Tiba-tiba, David merengkuh pundak Abel dan menariknya mendekat. Abel terkejut dan hanya bisa diam saat David menyandarkan pipinya pada kepala Abel. Meski mereka sudah bersahabat lama, tapi tiap perlakuan manis David yang tiba-tiba seperti ini masih selalu berhasil membuat Abel deg-degan dan salah tingkah. Badan Abel yang kaku karena kaget, perlahan mulai merasakan kenyamanan di samping David. Mereka berdua terdiam sejenak.
“Dav?” Abel memecah keheningan.
“Hmmm?”
“Aku nggak lagi mimpi, kan, ini?”
“Iya, ini bukan mimpi, Abel-ku sayang,” jawab David. Lalu secara tiba-tiba, David mencubit pipi Abel. Abel menarik kepalanya dari bahu David.
“Ih!!! Genit banget, sih! Bilangin Mama, nih!”
David menjulurkan lidahnya. “Coba aja kalau berani, hahaha ....”
“David!”
Selalu aja gini ujungnya.
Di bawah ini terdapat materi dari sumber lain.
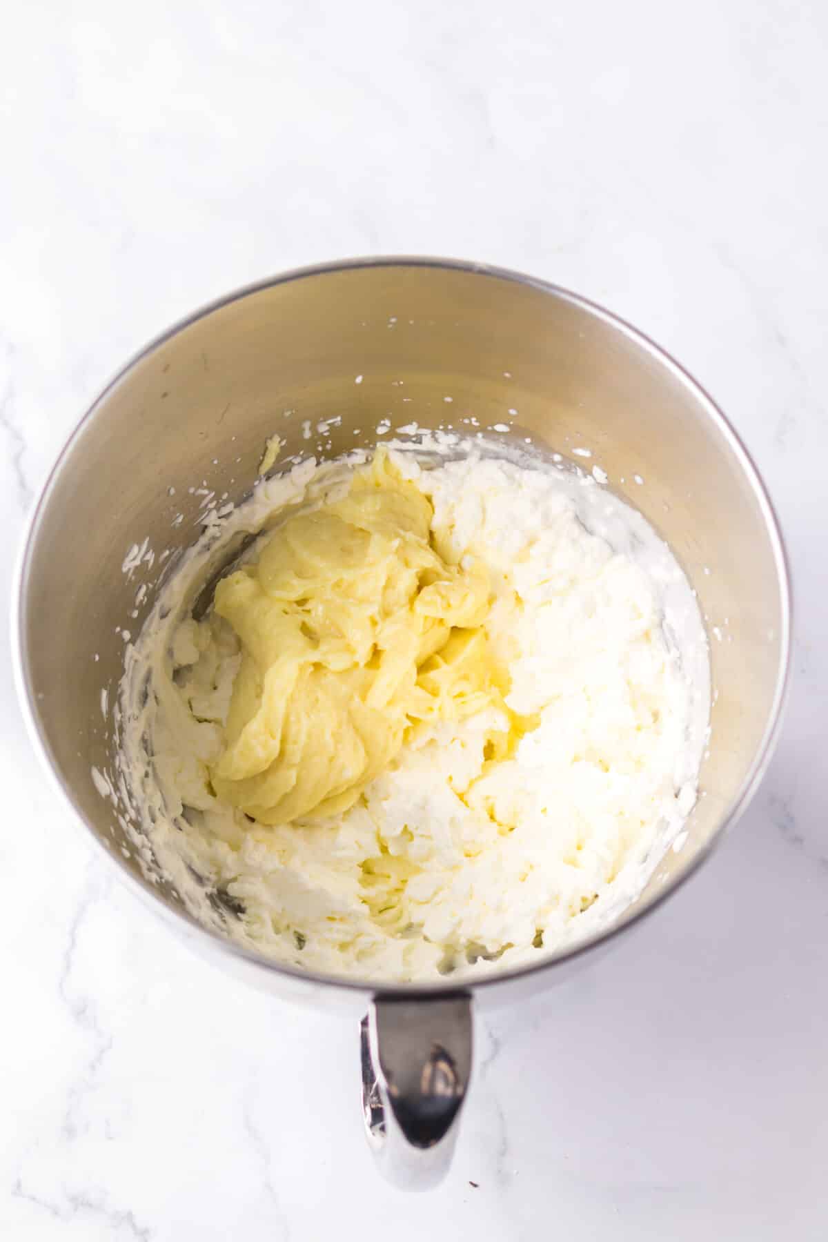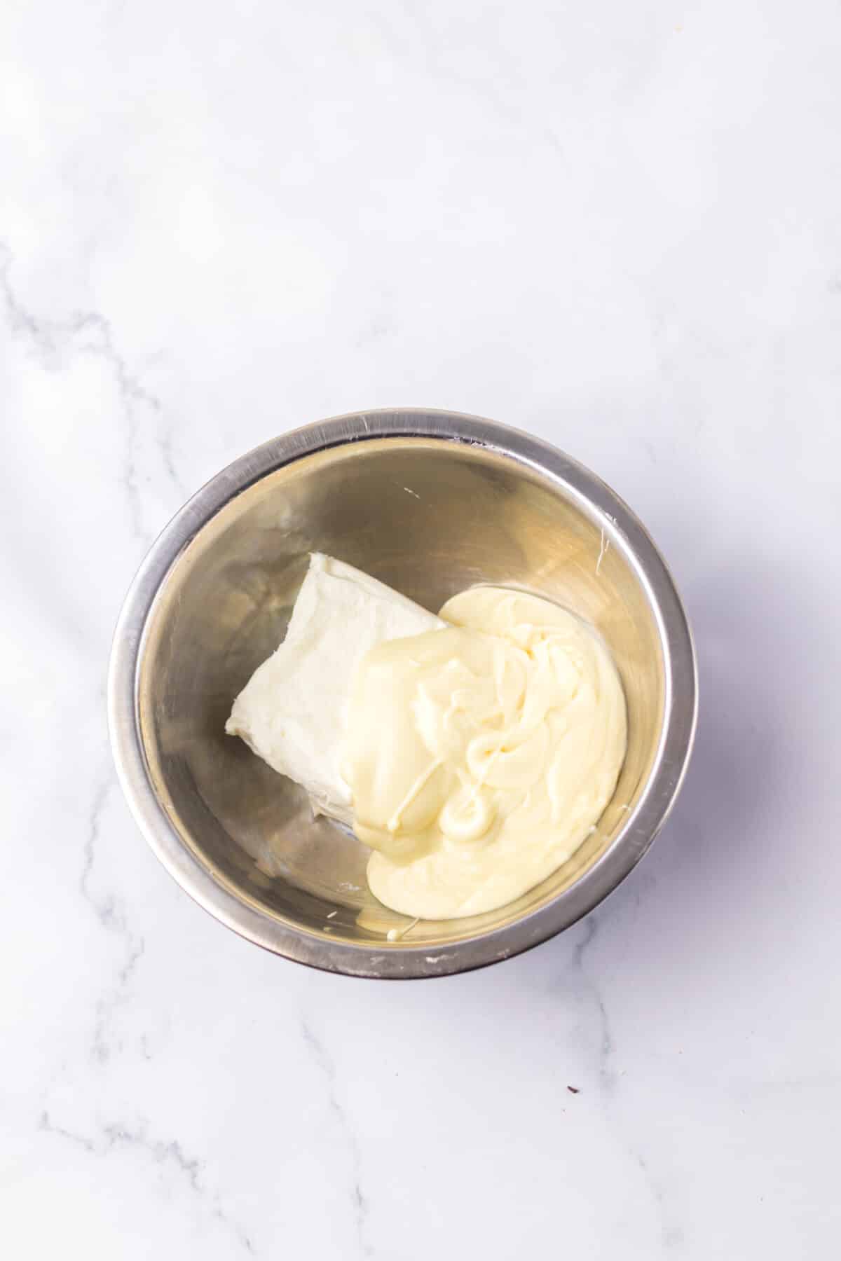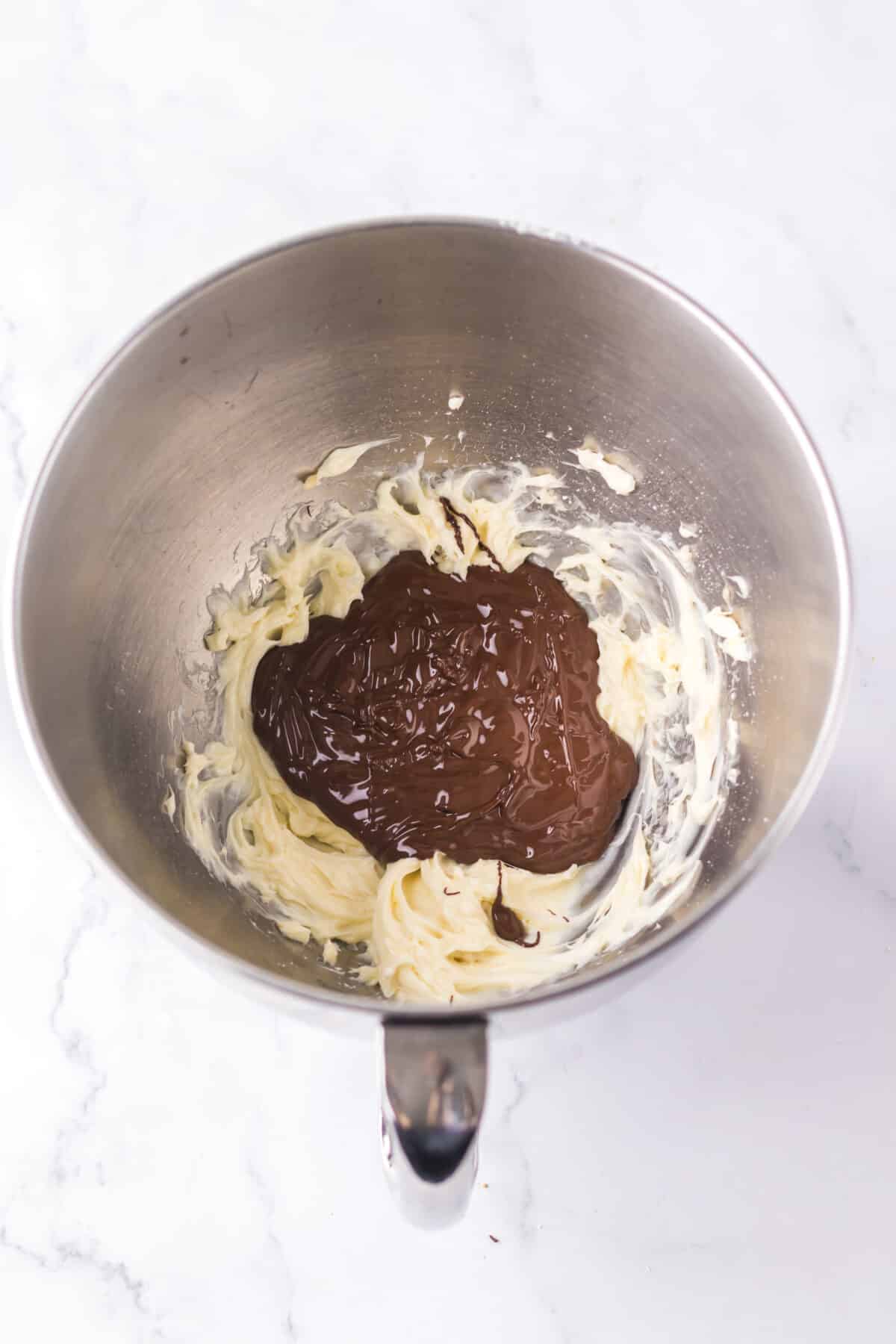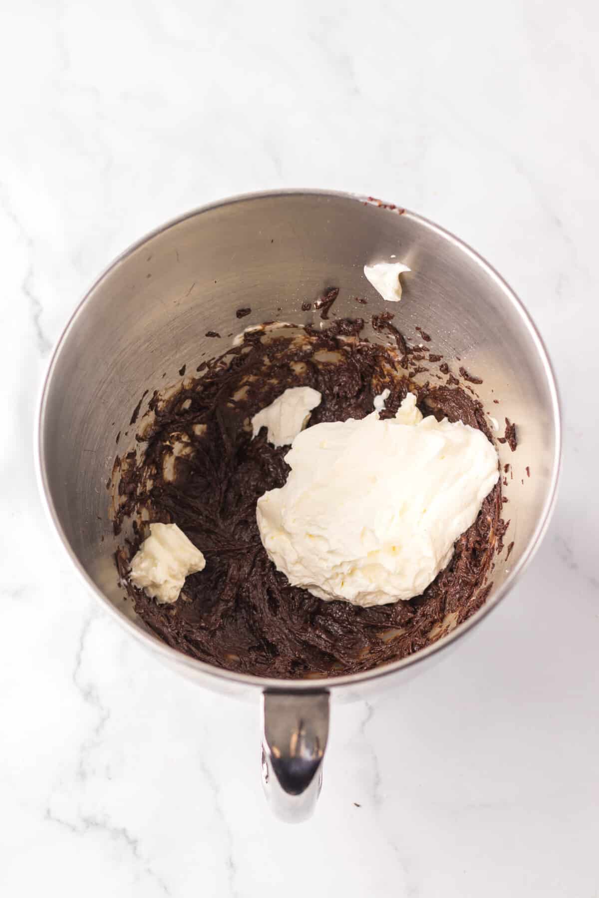 - In a separate bowl, beat the cream cheese and melted white chocolate until smooth.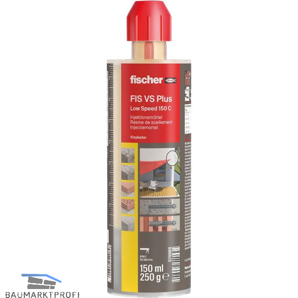 Der fischer Injektionsmörtel FIS VS Plus Low Speed ist ein 2K-Injektionsmörtel auf Vinylester-Hybrid-Basis mit verlängerter Verarbeitungszeit. Dies verhindert auch bei sommerlichen Temperaturen das vorzeitige Aushärten. Der FIS VS Plus Low Speed ist in einer Vielzahl von Systemen zugelassen und bietet damit garantierte Sicherheit für nahezu jeden Anwendungsfall. Ein umfangreiches, abgestimmtes Zubehörsortiment steigert die große Flexibilität des Systems.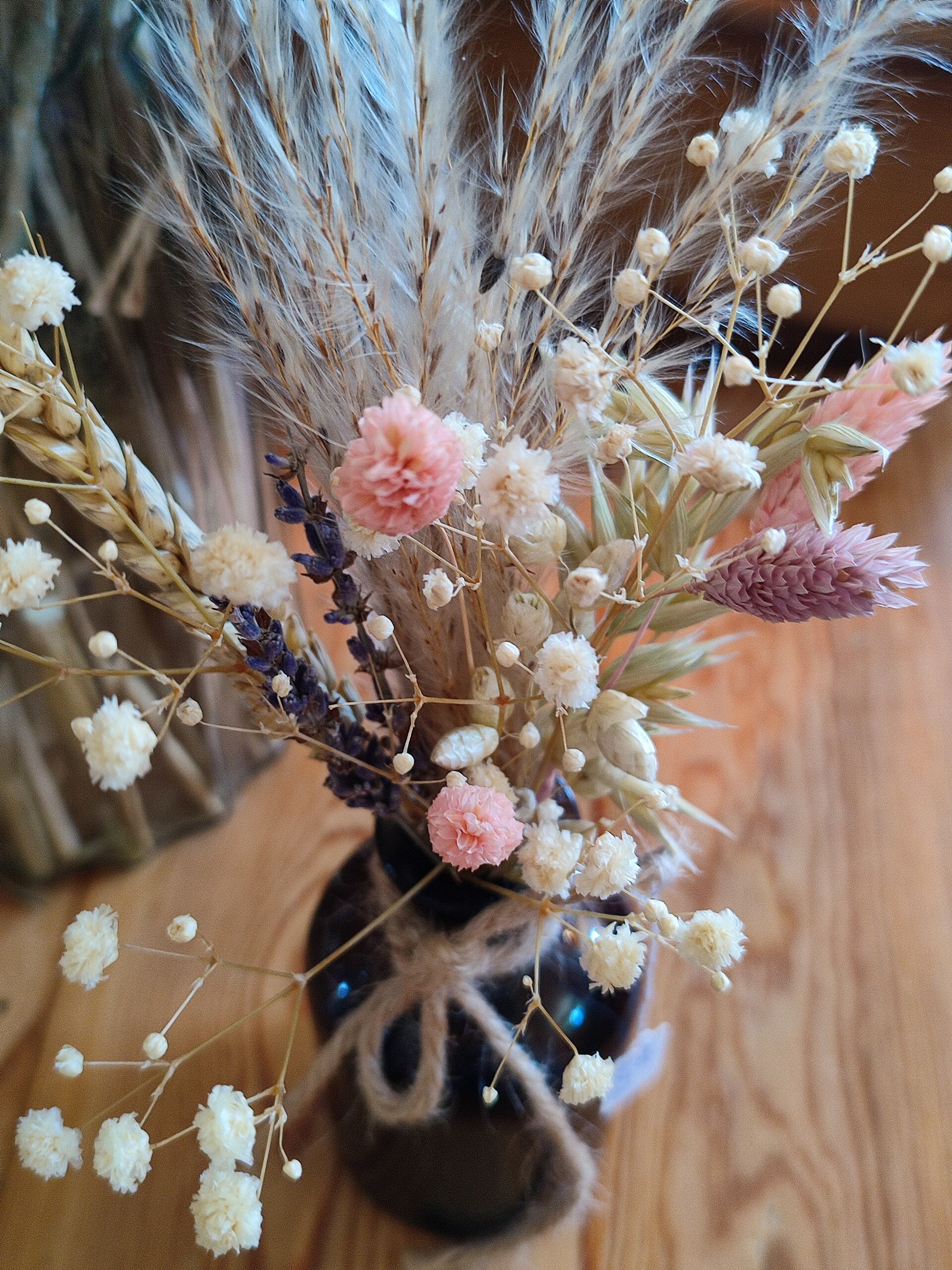 Apotheekvaasje met droogbloemen, vaasje 11cm hoog ,totale hoogte +-25cm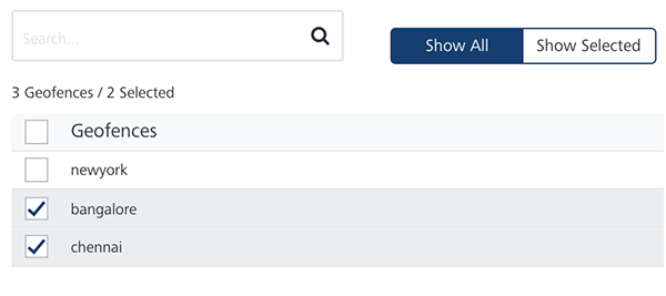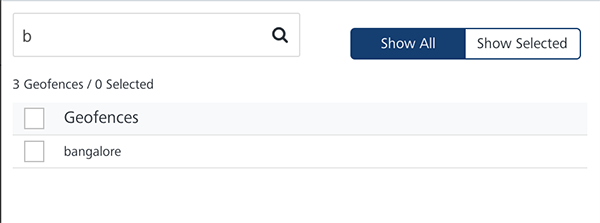 • Show Selected: The Show Selected tab displays the selected geofences in the list view.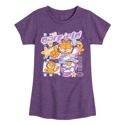 Girls' Garfield Garf And Odie Logo Fitted Short Sleeve Graphic T-Shirt - Heather Purple - Large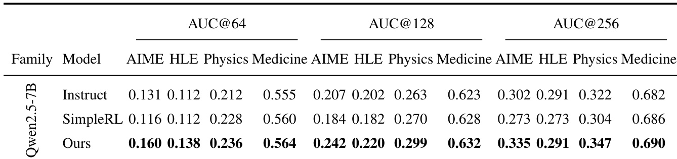 The authors use AUC@K to evaluate the accuracy-coverage trade-off across different models and domains, with higher values indicating better performance. Results show that the proposed method (OURS) consistently achieves the highest AUC@K across all budgets (64, 128, 256) and domains (AIME, HLE, Physics, Medicine) on the Qwen2.5-7B model, outperforming both the Instruct baseline and the SimpleRL baseline, with the largest gains observed in the more challenging AIME and HLE settings.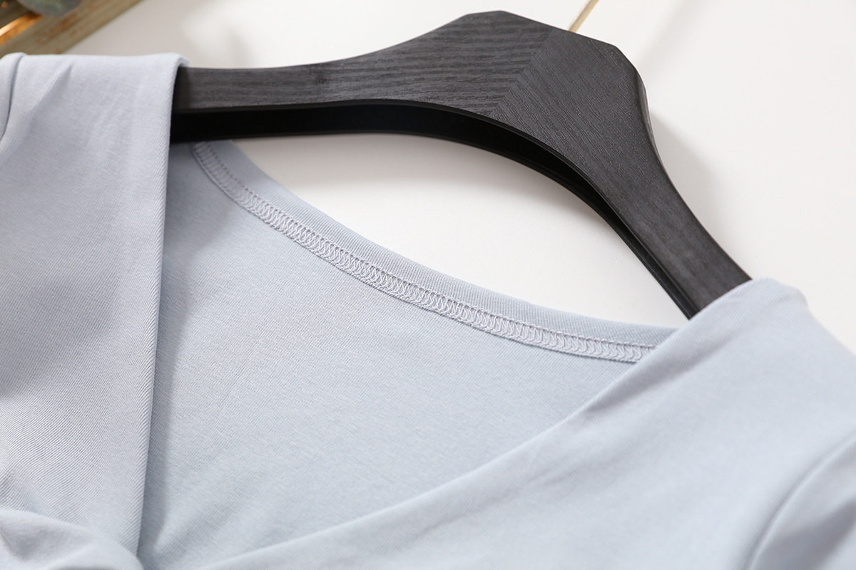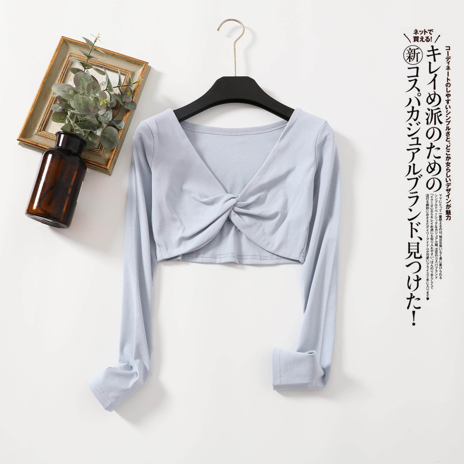罩衫 莫兰迪色交叉上衣女V领显瘦长袖 薄款 T恤防晒衣夏季 扭结打底衫

Gue, kan, masih pengin romantis-romantisan sama cowok gue.
“Katanya kangen, kok sekarang marah-marah?” ledek David.
Abel melipat tangannya. “Aku nggak bilang kangen kok, cuma pengin ketemu kamu aja.”
Ya, sebenernya kangen juga, sih ....
“Memangnya ada apa, Bel? Tumben ….”
“Aku mau ngomong serius nih, jangan diledekin,” pinta Abel bersungguh-sungguh.
“Iya, Abel-ku. Aku janji nggak ngeledekin,” jawab David tak kalah serius. Abel diam dan menatap David. Dia sedang berusaha mencari kata-kata yang tepat untuk mengungkapkan isi hatinya untuk David saat itu.